What's more, the three traces are performing the pg_attribute heapscan
for three different catalogs; so to blame this observation on some
rows having gotten relocated to high block numbers, you'd have to
believe that had happened for all three of these catalogs (one of
which is an index, so there'd be no reason to fool with its stats
attributes anyway).

AFAICS, if there are not rows at high block numbers, the only other
possibility is that syncscan mode was active.  (A third explanation is
that some rows are just plain missing, but then the system would have
been erroring out altogether, which it was not.)  That theory requires
us to invent an explanation for the fact that Jeff now observes
pg_attribute to be slightly smaller than 1/4th shared_buffers, but
perhaps autovacuum managed to shrink it at some point after the trouble
happened.

Another thing that can be deduced from those stack traces is that sinval
resets were happening.  For example, in the third message linked above,
the heapscan is being done to load up a relcache entry for relation 2601
(pg_am).  This would be unsurprising, except that stack frames 17 and 18
show this is happening during the fifth call of load_critical_index, and
we should have had both pg_am's reldesc and the syscache entry that's
being fetched at relcache.c:1010 loaded up in the first call.  So those
cache entries have to have gotten blown away by sinval reset.  This is
not terribly surprising if there were a steady flux of DDL happening in
the database, for instance temp table creations/drops.  (Jeff, can you
comment on that?)  If heapscans over the whole of pg_attribute were
occurring, they'd take long enough to expose the process to sinval
overrun even with not-very-high DDL rates.

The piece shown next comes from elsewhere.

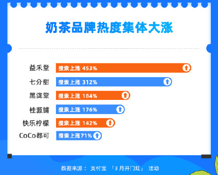 数据显示,3月上旬,支付宝上中老年人奶茶消费整体上涨10%。

Now the interesting thing about that is that if an sinval reset occurs
at any time while relcache.c is trying to load up initial relcache
entries, it will not try to write a new relcache init file.  This means
that a steady but not very large flow of DDL activity from existing
sessions in the database would be sufficient to prevent incoming
sessions from ever writing pg_internal.init, and thus the stall behavior
could persist for a long time, which is something I hadn't been able to
explain before.  (If this were not happening, the stalls would disappear
as soon as any incoming session successfully got through its stall.)

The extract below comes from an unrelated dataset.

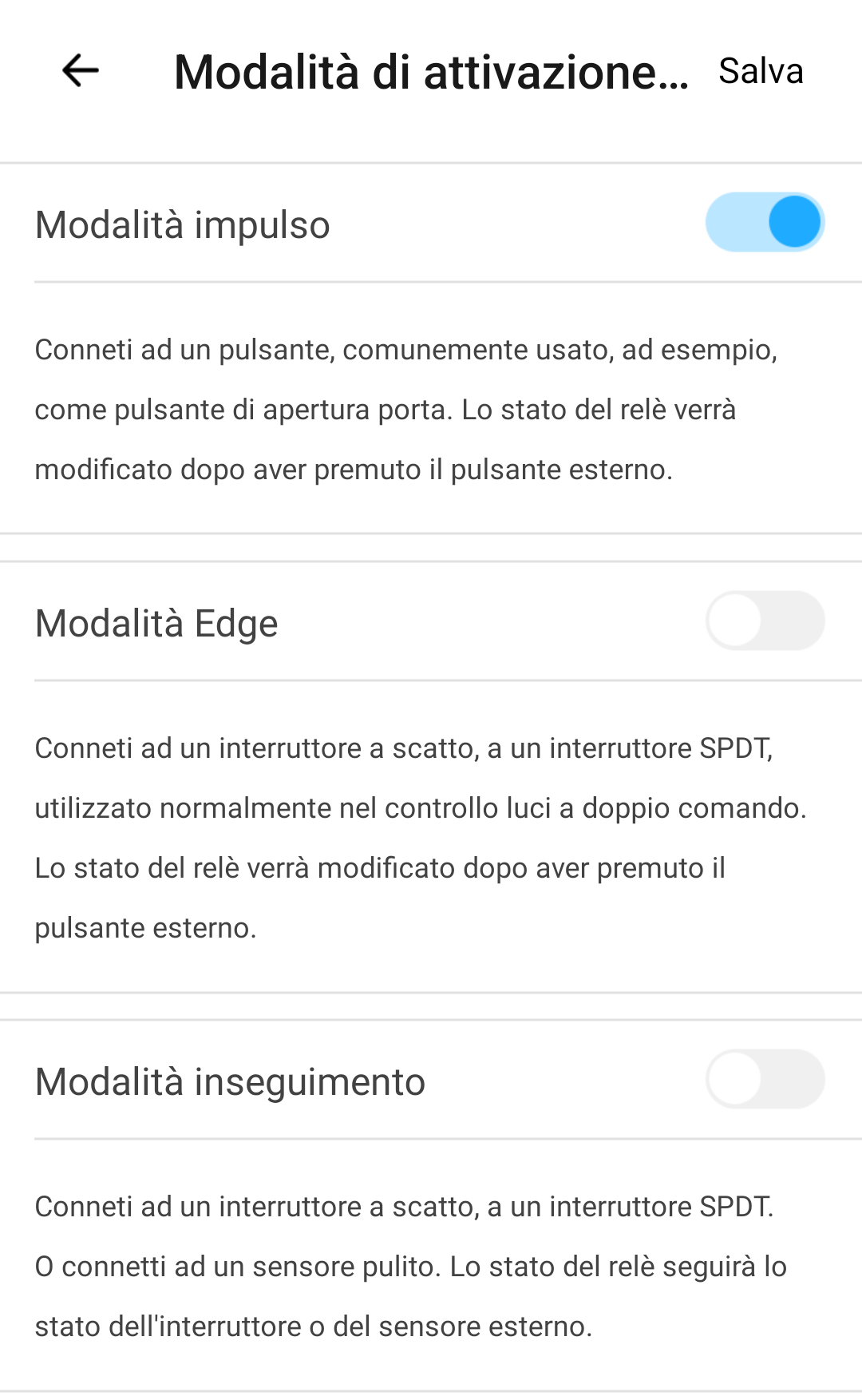 - Cambia modalità – permette di selezionare una delle tre modalità di comando disponibili (impulso, edge o inseguimento) in base al dispositivo collegato ai morsetti S1/S2 (pulsante, interruttore/deviatore, sensore, ecc.). Per gli impianti luce diretti/derivati/invertiti con interruttore/deviatore impostare la modalità edge (default) mentre per gli impianti luce diretti con pulsante impostare la modalità impulso;

So it appears to me that Jeff's problem is adequately explained if we
assume (1) pg_attribute a bit larger than 1/4th shared_buffers, and
(2) steady flow of DDL activity from existing sessions; and that if you
want to dispute (1) you have to invent some other explanation for the
observed attempts to read high block numbers in pg_attribute.  Also,
if there were lots of temp table creation/dropping going on, this could
result in lots of dead rows at the end of pg_attribute, which might
explain how autovacuum could've shortened the relation later.

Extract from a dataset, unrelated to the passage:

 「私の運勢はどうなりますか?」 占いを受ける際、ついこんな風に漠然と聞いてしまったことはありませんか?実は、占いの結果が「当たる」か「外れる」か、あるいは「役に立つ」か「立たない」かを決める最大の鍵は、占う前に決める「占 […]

Now this theory does not explain Greg's problem, because his
pg_attribute was apparently many times too small to make syncscans
credible, or to make them take very long even if they did happen.
But in view of the fact that that was 8.3.5 :-(, and that the problem
was observed in conjunction with corruption of system indexes, I don't
feel a compulsion to assume that Greg's problem was the same as Jeff's.
Trawling through the commit logs I find several post-8.3.5 fixes for
race conditions and other bugs in relcache initialization, notably
commits 8407a11c5a004671142a9ac2fe29de3844360b0b and
8b720b5723fcd59c22e641e05b62dc92f53c9125.  Greg mentioned lots of temp
table creation/deletion, which would produce sinval reports and the
occasional sinval reset, which is a necessary triggering condition for
both of those bugs.  The previously recognized symptoms of those bugs
look a bit different from what Greg reported, but I can easily believe
that they'd lead to index corruption if they didn't cause immediate
crashes, and maybe they explain his stall behavior as well.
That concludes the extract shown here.